Em suas itinerâncias os circos pesquisados procuram por “praças” localizadas no interior, estando sempre armados em pequenas vilas e bairros distantes dos centros das cidades. E foi em um desses lugares que tive o primeiro contato com os circenses de umas das organizações pesquisadas. Naquela oportunidade, meus objetivos de pesquisa de doutoramento ainda não eram claros, por isso, conversei com eles por interesse apenas na arte que praticam. Passado algum tempo sem vê-los tive notícias do paradeiro do circo, desta vez na fase de elaboração do projeto, e à procura por circos para realizar esta investigação. De posse das informações que me levariam ao circo, fui ao seu paradeiro para saber se os circenses aceitariam a realização da pesquisa. Como resultado, interessei-me pelo circo em questão, sobretudo, pelas pessoas daquele circo pelos seguintes motivos: a) por ser de organização familiar; b) por ser itinerante; c) por eu ter sido bem recebido pelos circenses quando estive com eles, e; d) pelo fato de os circenses terem aceitado participar da pesquisa. A partir de então, levando em consideração essa primeira experiência, adotei os motivos que despertaram o meu interesse como critérios para a seleção dos próximos circos.

Para mim era necessário escolher circos familiares, pois trabalharia com organizações do mesmo tipo e isso poderia facilitar a minha compreensão em torno do cotidiano das pessoas. Os circos também deveriam ser itinerantes e, assim, percorrerem vários municípios ou bairros. Isso permitiria que eu pudesse observar relações instáveis entre os circenses e citadinos, bem como observá-los durante a montagem do circo, apontada por Ruiz (1987) como uma das partes mais penosas da atividade circense. Disse o autor: “Tarefa absolutamente difícil é a montagem de um circo” (RUIZ, 1987, p. 22).

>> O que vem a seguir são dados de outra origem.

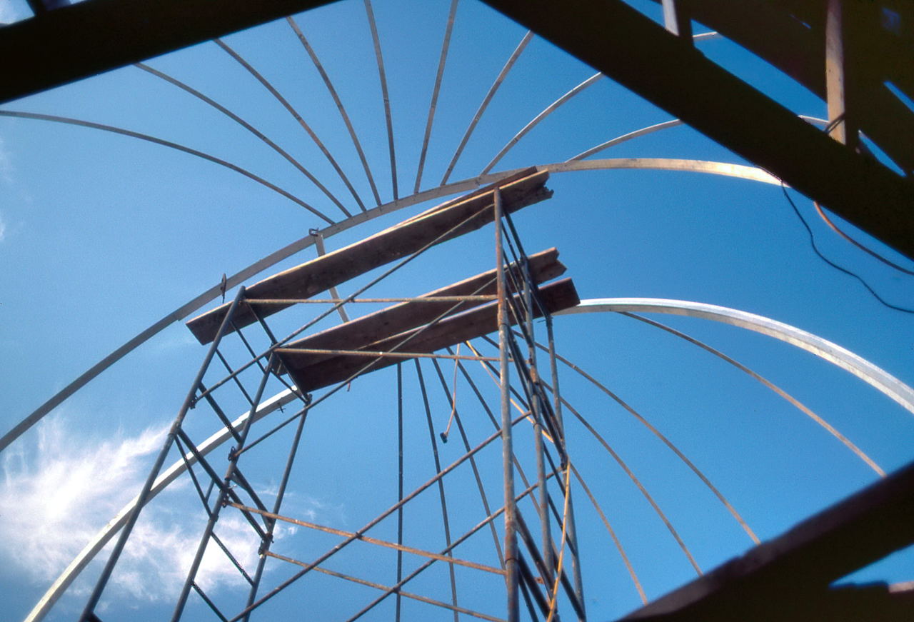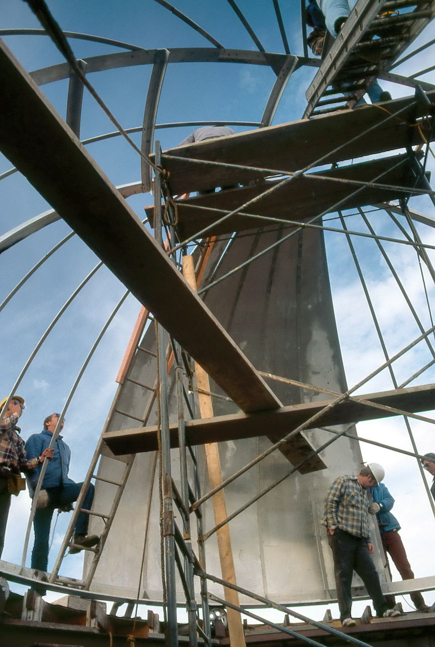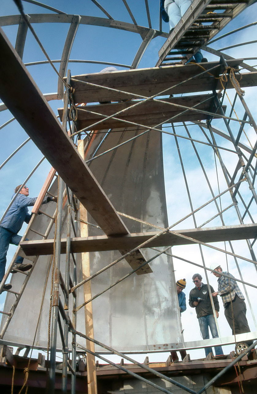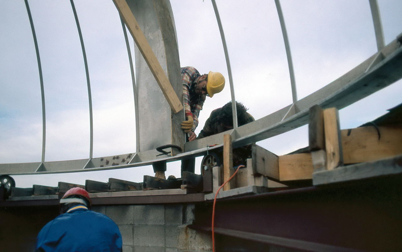 Finally, Samolyk was not going to have the luxury of building the dome in a nice climate controlled (and especially wind controlled) warehouse. We could make the pieces of the dome on terra firma, but all of the assembly would have to done in place. Though Bill Albrecht claimed he sneakily designed the Delco dome in 3 pieces so it would be moved one day to the MAS, the fact was that it was being built in a warehouse in downtown Milwaukee and then had to be transported to Oak Creek.
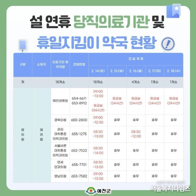 서울복지타임즈 이재연 기자 | 예천군은 설 연휴 동안 관내 병․의원 당직의료기관과 휴일 지킴이 약국을 운영해 진료 편의와 응급진료 서비스를 제공한다.
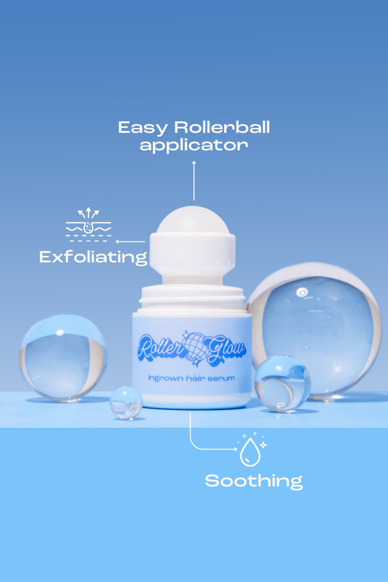 Meet Roller Glow—your skin’s new post-shave, post-wax, post-anything BFF. This soothing ingrown hair toner is packed with skin-loving ingredients to calm irritation, prevent pesky ingrowns, and keep your skin silky-smooth. With every roll, it hydrates, exfoliates, and restores, so you can say goodbye to bumps and hello to effortlessly radiant skin.
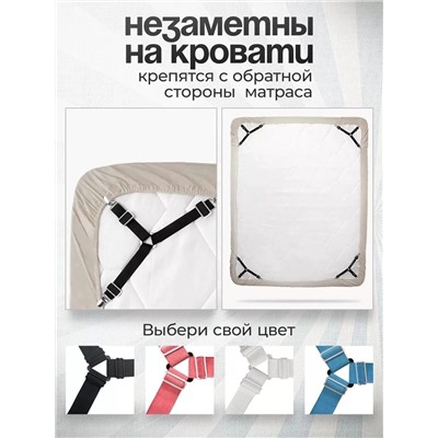 кто стремится создать максимально комфортные условия для сна. Используя фиксатор для простыни, удается создать ровную поверхность для сна, исключая складки и сдвиги простыни во время отдыха. Подтяжки прищепки надежно фиксируют ее края, препятствуя сбиванию. Это обеспечивает комфортный отдых для каждого. Держатели для простыни представлены в виде зажимов с резинками. Металлический зажим для простыни с пластиковой вставкой соединен при помощи резинки, что позволяет удобно растянуть такой держатель на любую ширину матраса. Благодаря эластичности резинок, удается без труда регулировать длину до 40 см в одну сторону, тем самым используя фиксатор простыни для любой кровати или диване в спальне. Это настоящая находка для тех, кто стремится к удобству во время сна. Подтяжки универсальны, они подойдут для кровати, дивана, для скатерти на столе, для фиксации чехла на кресло, гладильную доску и т.д. Резинка позволяет надеть любые постельные принадлежности - простынь или наматрасник на кровать любой величины, диван, будь это односпальный или двухспальный матрас. Удобно закрепить на резинке, непромокаемую или одноразовую простынь или детскую простынку в круглой овальной кроватке или домике, зафиксировать креплениям клипсы кронштейна одеяла, скатерть, чехол или покрывало на диван.

Destaco também como sendo um fator decisivo na escolha dos circos a receptividade dos circenses em relação a mim, que entraria de modo invasivo em suas vidas para fazer algo que a princípio interessava somente a mim. Por último, incrustada nas instâncias lógica e ética, a permissividade quanto à realização da pesquisa. Ocorre que, em pelo menos uma vez a minha

presença não se mostrou desejável, quando em contato com o proprietário de um circo e após lhe apresentar os objetivos da pesquisa houve recusa. De modo sutil ele me indicou outro circo para a realização desta investigação e isso me fez ainda mais curioso quanto à vida circense e as relações de poder.

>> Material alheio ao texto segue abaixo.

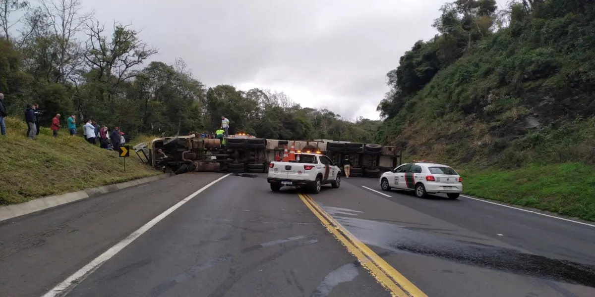 Tombamento de carreta é registrado na BR-277; A rodovia ficou totalmente interditada
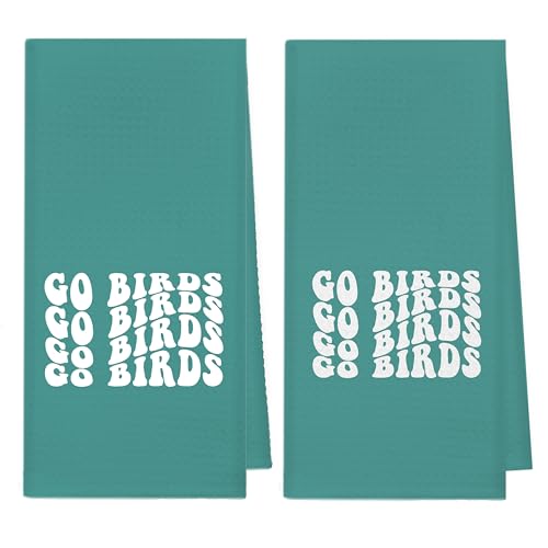 kunlisa Trendy Groovy Go Birds Football Kitchen Towels Set of 2,Gifts for Football Lovers Fans Players Hand Towels for Bathroom,Trendy Light Green Go Birds Dish Tea Towel for Kitchen Decor,16x24 Inch
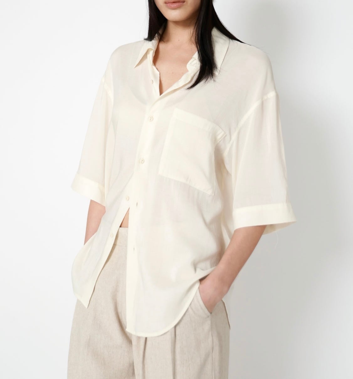 • ややゆったりとしたシルエットで、ドレープ感のある生地と組み合わせ、滑らかでスタイルを引き立てます

A procura por circos durou vários meses e eles foram surgindo enquanto objetos de estudo selecionados de modo bastante aleatório, sendo a aproximação feita de acordo com a notícia de localização de circos com as duas primeiras características descritas (a e b), sendo as duas últimas observáveis somente em contato com as pessoas do circo. Nos circos selecionados vivem várias pessoas, dentre familiares e funcionários, todas elas envolvidas na produção dos espetáculos e/ou na venda de produtos na praça de alimentação e, de igual modo, sujeitos desta pesquisa.

Complementarmente às estratégias de pesquisa, os instrumentos para a construção dos dados e os métodos de análise empregados não foram usados para elevar os conhecimentos retratados neste trabalho ao grau de verdade “última”, ou seja, a um tipo de verdade indubitável. Em vez disso, os dados analisados têm caráter reflexivo em relação ao social. Por isso, durante a execução deste trabalho rompi com a consciência tranquila que poderia ter, para admitir que as colocações em termos de construção de dados e análises têm certo grau de perspectivismo, pois estão pautadas na epistemologia pós-estruturalista (PETERS, 2000).